À nos enfants, nous devons permettre l’épanouissement et le développement. Il est de notre responsabilité de renforcer l’accompagnement de toutes les familles, en cohérence avec une conception universelle de la politique familiale que nous partageons, je le sais. Celle-ci ne saurait se limiter à une politique de redistribution ou de correction des inégalités. Elle vise d’abord à appuyer et à soutenir toutes les familles, dans le respect de leurs choix.
À nos parents et grands-parents, nous devons garantir l’autonomie, ce qui pose la question du regard que nous portons sur la vieillesse et de la préparation et de l’adaptation de notre société au vieillissement. Par ce texte, nous faisons grandir la branche autonomie, afin de relever le défi que constitue ce vieillissement.
Aux personnes en situation de handicap – un sujet auquel je vous sais attentif, cher Philippe Mouiller –, nous devons enfin une vie comme les autres, parmi les autres, pour que le droit commun s’applique à eux et à leur famille.
Le retour des familles dans la dénomination même du ministère marque notre détermination à réaffirmer cette priorité politique : aider toutes les familles et nous en donner les moyens.
Cette ambition est d’autant plus essentielle dans le contexte de baisse continue de la natalité que nous connaissons depuis dix ans et qui s’est accru ces deux dernières années. Il nous faut inverser cette tendance en renouant progressivement avec une politique familiale universelle, qui réponde aux besoins de toutes les familles. Je sais que nous partageons cet attachement, chère Élisabeth Doineau.
La branche famille consacre déjà plus de 50 milliards d’euros chaque année à cet objectif. Ces moyens augmenteront de 2 milliards d’euros supplémentaires en 2024, notamment pour mettre en œuvre le chantier du service public de la petite enfance.
Nous le savons, la question du mode de garde est aujourd’hui le premier frein à la réalisation du désir d’enfant au sein des familles. Quelque 6 milliards d’euros seront consacrés à ce service public jusqu’en 2027, pour revaloriser et accompagner nos professionnels de la petite enfance.
À ce titre, je remercie le Sénat, en particulier Mme le rapporteur Pascale Gruny, d’avoir permis que la commission mixte paritaire chargée d’élaborer un texte sur les dispositions restant en discussion du projet de loi pour le plein emploi ait été conclusive. Il s’agit d’un investissement indispensable si nous voulons créer les 200 000 solutions de garde qui manquent aujourd’hui.
Soutenir toutes les familles, c’est aussi soutenir les mères seules. Le PLFSS intègre des aides monétaires, qui seront revalorisées à hauteur de 4, 6 % en avril prochain, comme l’allocation de soutien familial, c’est-à-dire la pension alimentaire minimale, donc nous avons augmenté de 50 % le montant l’année dernière.

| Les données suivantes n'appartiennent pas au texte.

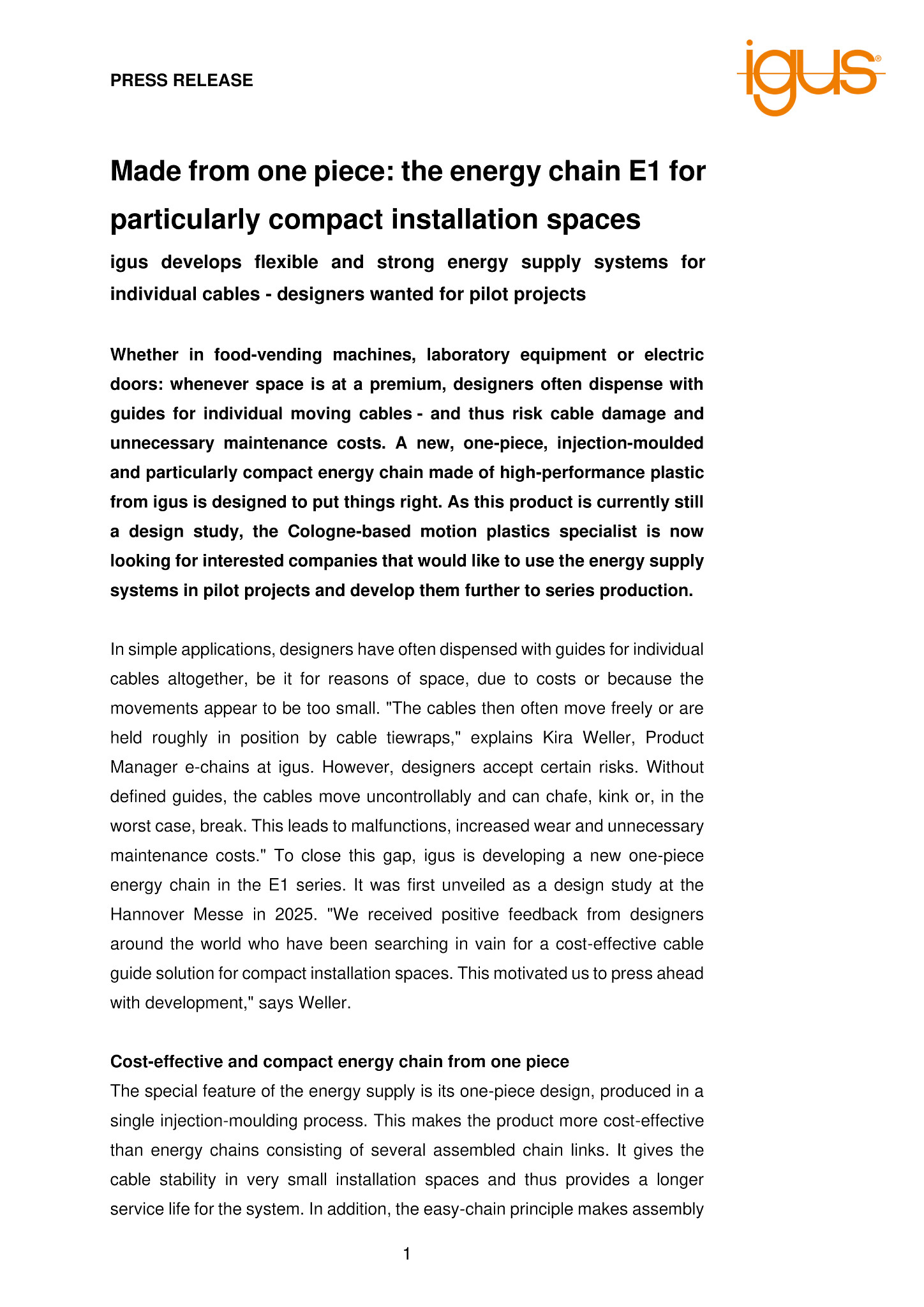 In simple applications, designers have often dispensed with guides for individual cables altogether, be it for reasons of space, due to costs or because the movements appear to be too small. “The cables then often move freely or are held roughly in position by cable tiewraps,” explains Kira Weller, Product Manager e-chains at igus. However, designers accept certain risks. Without defined guides, the cables move uncontrollably and can chafe, kink or, in the worst case, break. This leads to malfunctions, increased wear and unnecessary maintenance costs.” To close this gap, igus is developing a new one-piece energy chain in the E1 series. It was first unveiled as a design study at the Hannover Messe in 2025. “We received positive feedback from designers around the world who have been searching in vain for a cost-effective cable guide solution for compact installation spaces. This motivated us to press ahead with development,” says Weller.

Au total, le budget de la branche famille s’élèvera à 63 milliards d’euros en 2027, soit une augmentation de 20 % par rapport à 2022.
Vous le savez, le complément de libre choix du mode de garde et l’aide à la garde d’enfants feront l’objet d’une double réforme, puisque ces aides seront étendues à toutes les familles monoparentales et qu’elles s’appliqueront jusqu’aux 11 ans révolus de l’enfant. Dès 2025, le reste à charge sera enfin le même pour toutes les familles, qu’elles choisissent de faire garder leur enfant en crèche ou de les confier à une assistante maternelle.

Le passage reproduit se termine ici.